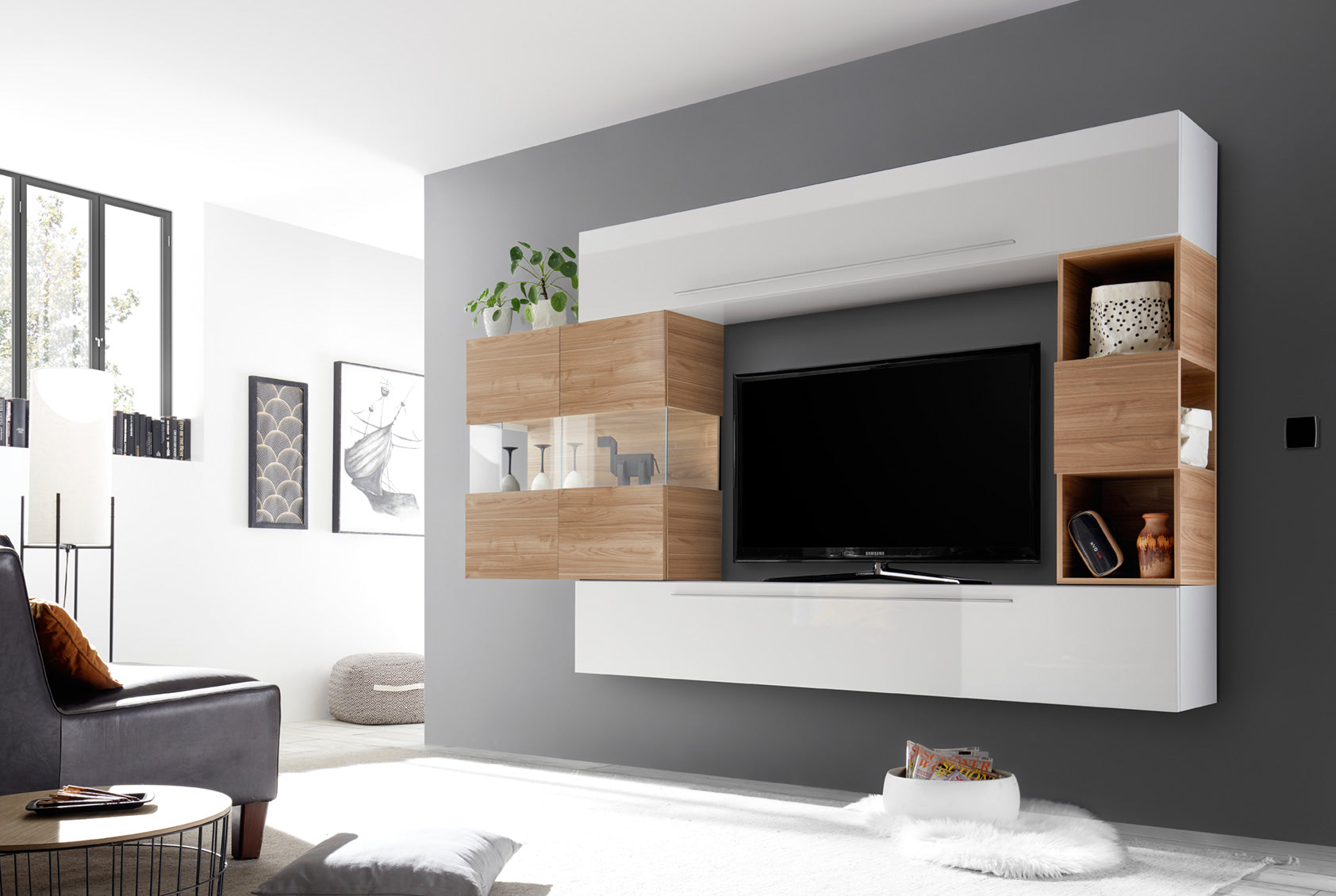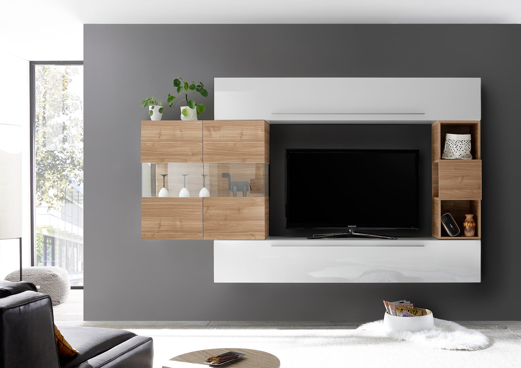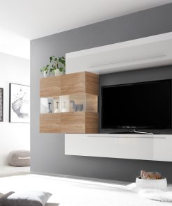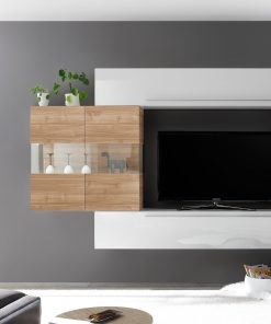 Contemporanea e dal design avvincente, questa parete da salotto si rivela anche pratica, offrendo spazio nei suoi ampi vani, e grazie alla vetrina, potrete mettere in evidenza gli oggetti che desiderate.
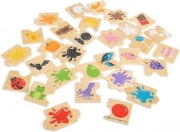 Zábavné dřevěné didaktické puzzle od Bigjigs Toys učí děti rozpoznávat barvy pomocí 30 dílků v 10 barvách. Spojují trojice (zvíře, předmět, barva), trénují koordinaci ruka-oko, logické myšlení a rozšiřují slovní zásobu. Vhodné pro děti od 2 let.
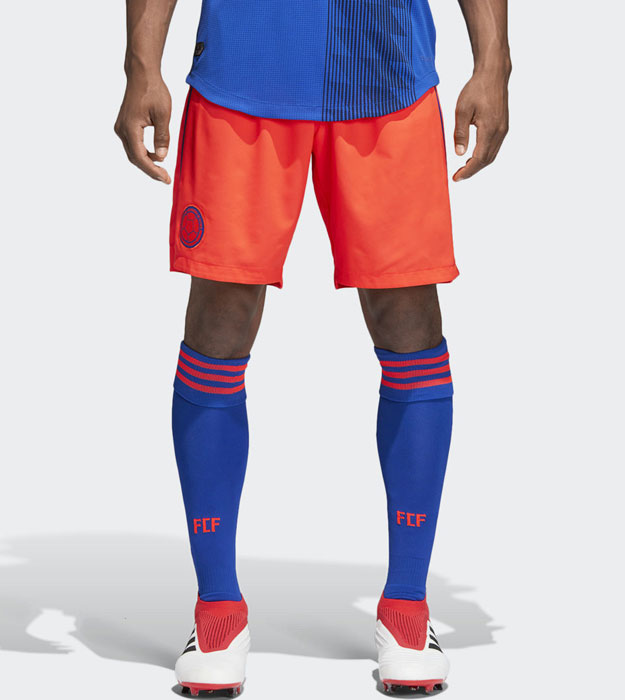 パンツはソーラーレッドが基調。ソックスはブルーを基調にソーラーレッドの差し色を配し、前面にはFCF(コロンビアサッカー連盟)のグラフィックが入る。
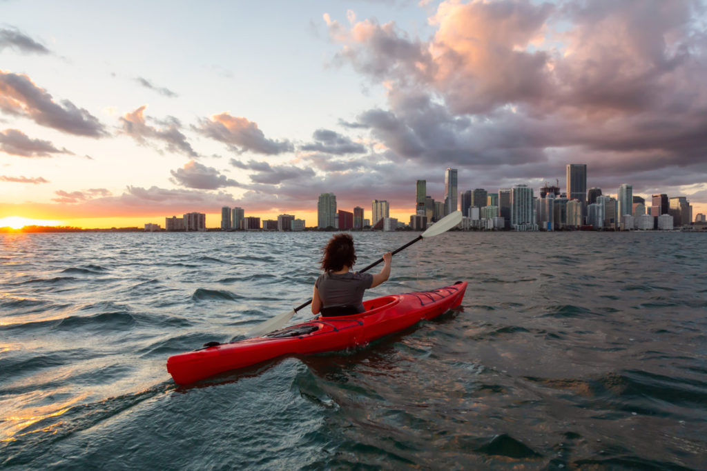 Adventurous girl kayaking in front of a modern Downtown Cityscape during a dramatic sunset. Taken in Miami, Florida, United States of America.
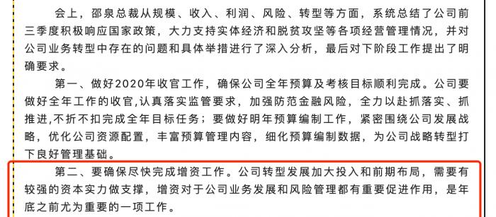 光大信托党委副书记、总裁邵泉在会上部署下阶段工作时明确要求,要确保尽快完成增资工作。邵泉表示,光大信托转型发展加大投入和前期布局,需要有较强的资本实力做支撑,增资对于公司业务发展和风险管理都有重要促进作用,是年底之前尤为重要的一项工作。

....

§ **What you should do**: Start with the line that holds "Zábavné dřevěné didaktické" and retype each line through the last one in the data, exactly and without pictures.

§ **Exercise result**:
 Zábavné dřevěné didaktické puzzle od Bigjigs Toys učí děti rozpoznávat barvy pomocí 30 dílků v 10 barvách. Spojují trojice (zvíře, předmět, barva), trénují koordinaci ruka-oko, logické myšlení a rozšiřují slovní zásobu. Vhodné pro děti od 2 let.
 パンツはソーラーレッドが基調。ソックスはブルーを基調にソーラーレッドの差し色を配し、前面にはFCF(コロンビアサッカー連盟)のグラフィックが入る。
 Adventurous girl kayaking in front of a modern Downtown Cityscape during a dramatic sunset. Taken in Miami, Florida, United States of America.
 光大信托党委副书记、总裁邵泉在会上部署下阶段工作时明确要求,要确保尽快完成增资工作。邵泉表示,光大信托转型发展加大投入和前期布局,需要有较强的资本实力做支撑,增资对于公司业务发展和风险管理都有重要促进作用,是年底之前尤为重要的一项工作。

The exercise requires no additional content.